Adrián: Tym zwycięstwem pokazaliśmy charakter
The Reds wrócili na zwycięską ścieżkę w Premier League, zdobywając zasłużone trzy punkty na Bramall Lane dzięki dwóm bramkom w drugiej połowie.
To był wynik poprzedzony nieustającą, ciężką pracą za kulisami w czasie, gdy zespół Jürgena Kloppa starał się uporządkować sprawy w rozgrywkach ligowych.
- Tak ciężko pracowaliśmy - mówił Adrián w rozmowie z liverpoolfc.com.
- W ostatnich kilku tygodniach zanotowaliśmy parę kiepskich wyników, ale zespół trzymał się razem.
- Pracowaliśmy nawet ciężej niż przedtem i dziś pokazaliśmy, jak odporny jest ten zespół - wychodząc z kiepskiej sytuacji. To były bardzo ważne trzy punkty, a do tego zachowaliśmy czyste konto.
- To jest mentalność, którą musimy pokazywać - każdy z nas, nie tylko doświadczeni zawodnicy.

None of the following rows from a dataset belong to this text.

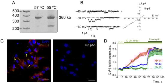 Functional expression of mechanosensitive Piezo1 channels in SK-MEL-2 cells. (A) RT-PCR showing the presence of hPIEZO1 mRNA in SK-MEL-2 cell lysates. The obtained length of the product (360 bp) was as expected. Original gel is available in Supplementary Figure S1. (B) Representative whole-cell recordings of Yoda1-induced Piezo1 activity in response to 1 µM Yoda1. Single-channel conductance and reversal potential were similar to Yoda1-induced Piezo1 channels described earlier [6]. c—closed state (zero current, baseline). (C) Immunofluorescence staining of Piezo1 in SK-MEL-2 cells. Red channel—Piezo1, blue channel—DAPI. Note that the number of cells is Piezo1-negative (marked by the arrows). Scale bar is 50 μm. As a control, staining of the cells only with fluorescent secondary antibodies was carried out (no pAb, no red fluorescence signal was observed). (D) Ca2+ responses of SK-MEL-2 cells to Yoda1 application in the representative experiment with n = 67 cells (from N = 3 independent Ca2+ measurements). Note that three populations of the cells could be distinguished (see Results and Discussion). Shown are mean fold changes (±S.D.) of Fluo8 fluorescence, normalized to the fluorescence at the starting point (first frame). Note that all cell populations had similar reactions to calcium ionophore ionomycin (5 μM), indicating the specificity of Yoda1-induced Ca2+ responses.
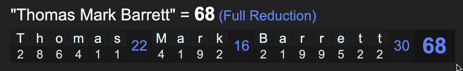 His full name sums to 68, going with date numerology. 2/26/2020 = 2+26+20+20 = 68
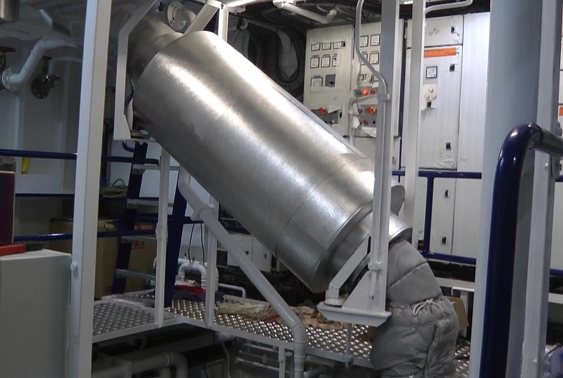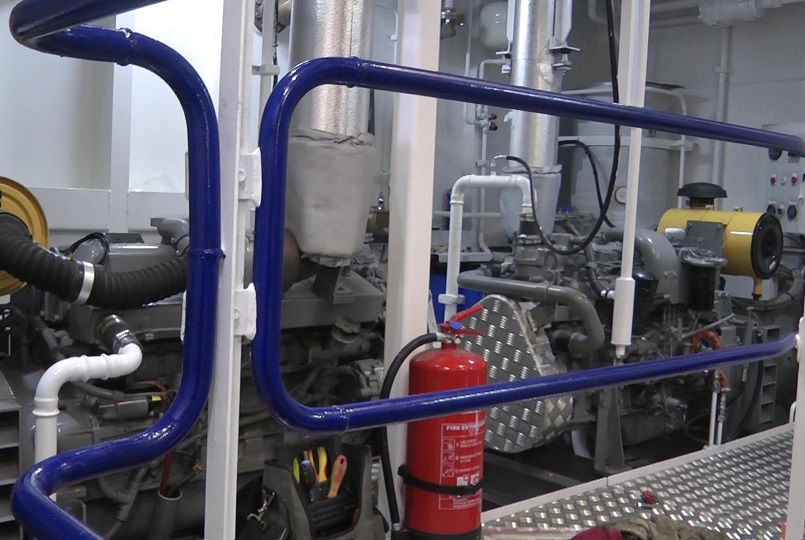 The engine room showing electrical panels and main engine exhaust
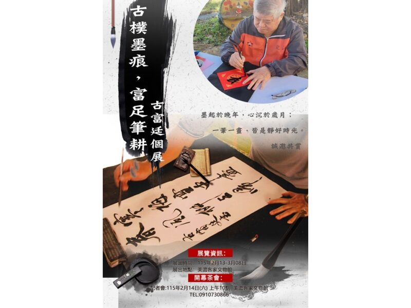 【焦點時報/記者蔡宗憲報導】美濃客家文物館即日起至3月8日舉辦「古樸墨痕.富足筆耕—古富廷書法展」,共展出在地知名教育者古富廷主任36件墨寶及多幅應景春聯,作品涵蓋篆、隸、楷、行、草五體書法,呈現其半生書藝創作成果,並於今(14)日(星期六)上午辦理開幕茶會,展現深厚的人文底蘊與藝術能量。
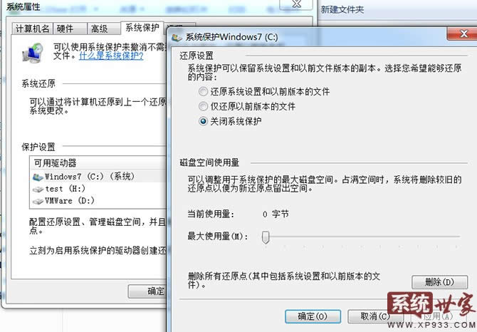 第三步、 在彈出“系統屬性”單擊“系統保護”頁面。查看C盤的還原保護是開啟狀態,并點擊“配置”。 第四步、在彈出的“系統保護本地磁盤”窗口中,我們把“還原設置”改為“關閉系統保護”,再單擊“刪除”。

Młodzi również mogą to pokazać.
- Ten sezon od samego początku ani przez chwilę nie był dla nas łatwy, ale wróciliśmy, jesteśmy tu znowu i mamy bardzo ważne trzy punkty. Cieszmy się tym i zbierajmy siły na następny mecz.
Adrián wyszedł w podstawowym składzie Liverpoolu po raz pierwszy od października. W meczu z Sheffield zagrał w bramce pod nieobecność Alissona Beckera, spowodowaną względami osobistymi.
- Szczerze mówiąc, moja mentalność i charakter zawsze były takie same od momentu, gdy podpisałem kontrakt z Liverpoolem. Musisz być gotowy na wszystko i starać się pomóc zespołowi tak bardzo, jak tylko możesz - kontynuował Hiszpan.
- Menedżer dał mi szansę, tym razem chodziło o sytuację z Alim - odszedł jego tata. Tak więc musimy być oczywiście gotowi jak zawsze, a wszyscy wzajemnie na siebie naciskają. Tak oto dostałem szansę tego wieczoru.
- Naprawdę się cieszę, nie tylko z czystego konta i trzech punktów, ale z pracy wszystkich chłopaków.
Adrián wraz z 18. w tym sezonie duetem na środku obrony Liverpoolu zanotowali zasłużone czyste konto w spotkaniu z zespołem Chrisa Wildera.
Bramkarz The Reds odniósł wrażenie, że to ciągła komunikacja z Nathanielem Phillipsem i Ozanem Kabakiem była kluczowa w zatrzymaniu The Blades.
- Ma to kluczowe znaczenie, ponieważ komunikacja między obrońcami i bramkarzem jest efektem grania meczu za meczem, zawsze razem - mówił.
- Jak wiecie, mamy wiele kontuzji w linii obrony. Oni wykonali świetną pracę, ponieważ nie jest łatwo walczyć z tymi napastnikami ciągle wskakującymi na ciebie i walczącymi o każdą piłkę.
- Świetnie się spisali, Nat i Ozan mogą być z siebie dumni.